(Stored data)
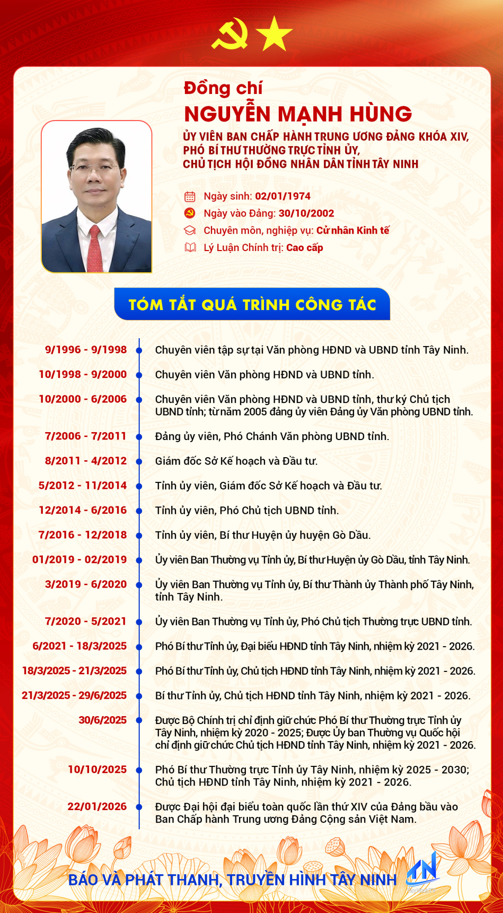 Tóm tắt quá trình công tác của Ủy viên Ban Chấp hành Trung ương Đảng khóa XIV, Phó Bí thư Thường trực Tỉnh ủy, Chủ tịch HĐND tỉnh Tây Ninh Nguyễn Mạnh Hùng
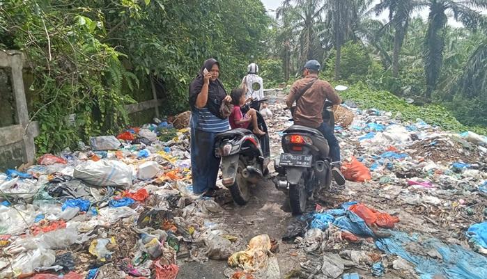 Di lokasi tersebut, tumpukan sampah plastik menutupi aspal jalan sehingga licin ketika dilintasi sepeda motor.
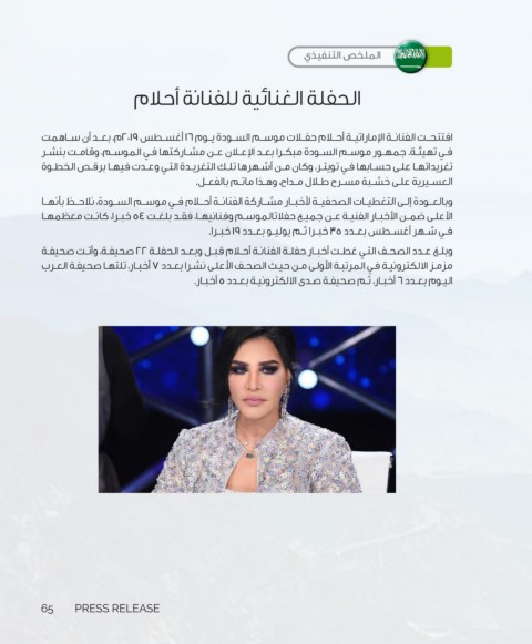 ‫وبلـغ عـدد الصحـف التـي غطـت أخبـار حفلـة الفنانـة أحـام قبـل وبعـد الحفلـة ‪ ٢٢‬صحيفـة‪ ،‬وأتـت صحيفـة‬
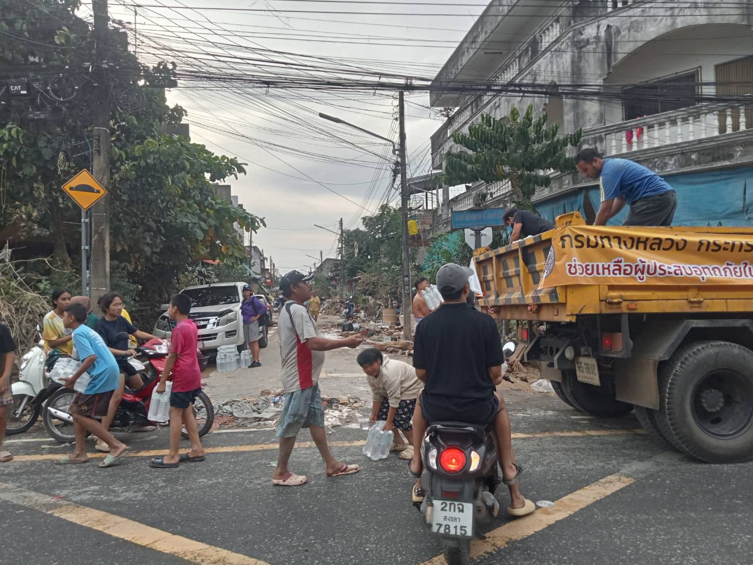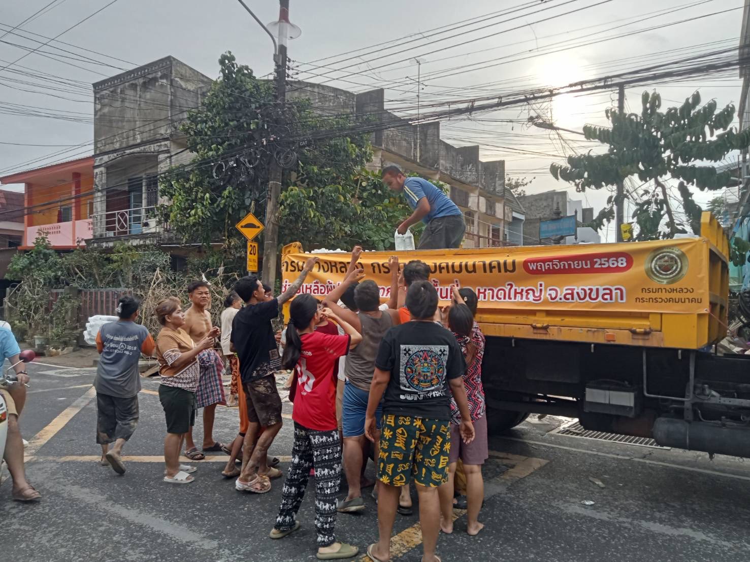 กรมทางหลวง "จิตอาสาคมนาคม“ โดยรถคาราวาน ได้ลงพื้นที่แจกจ่ายถุงยังชีพพร้อมน้ำดื่มให้กับประชาชนผู้ประสบอุทกภัยในพื้นที่น้ำท่วมในตัวเมือง อ.หาดใหญ่
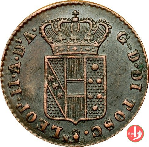MIR tav. 465 (il Quattrino è la moneta coniata per piú anni di tutti gli altri tagli di Leopoldo II) | |||||||||

Exercise description: An exact copy of every record above is needed, with all pictures left out.

Reply:
 Tóm tắt quá trình công tác của Ủy viên Ban Chấp hành Trung ương Đảng khóa XIV, Phó Bí thư Thường trực Tỉnh ủy, Chủ tịch HĐND tỉnh Tây Ninh Nguyễn Mạnh Hùng
 Di lokasi tersebut, tumpukan sampah plastik menutupi aspal jalan sehingga licin ketika dilintasi sepeda motor.
 ‫وبلـغ عـدد الصحـف التـي غطـت أخبـار حفلـة الفنانـة أحـام قبـل وبعـد الحفلـة ‪ ٢٢‬صحيفـة‪ ،‬وأتـت صحيفـة‬
 กรมทางหลวง "จิตอาสาคมนาคม“ โดยรถคาราวาน ได้ลงพื้นที่แจกจ่ายถุงยังชีพพร้อมน้ำดื่มให้กับประชาชนผู้ประสบอุทกภัยในพื้นที่น้ำท่วมในตัวเมือง อ.หาดใหญ่
MIR tav. 465 (il Quattrino è la moneta coniata per piú anni di tutti gli altri tagli di Leopoldo II) | |||||||||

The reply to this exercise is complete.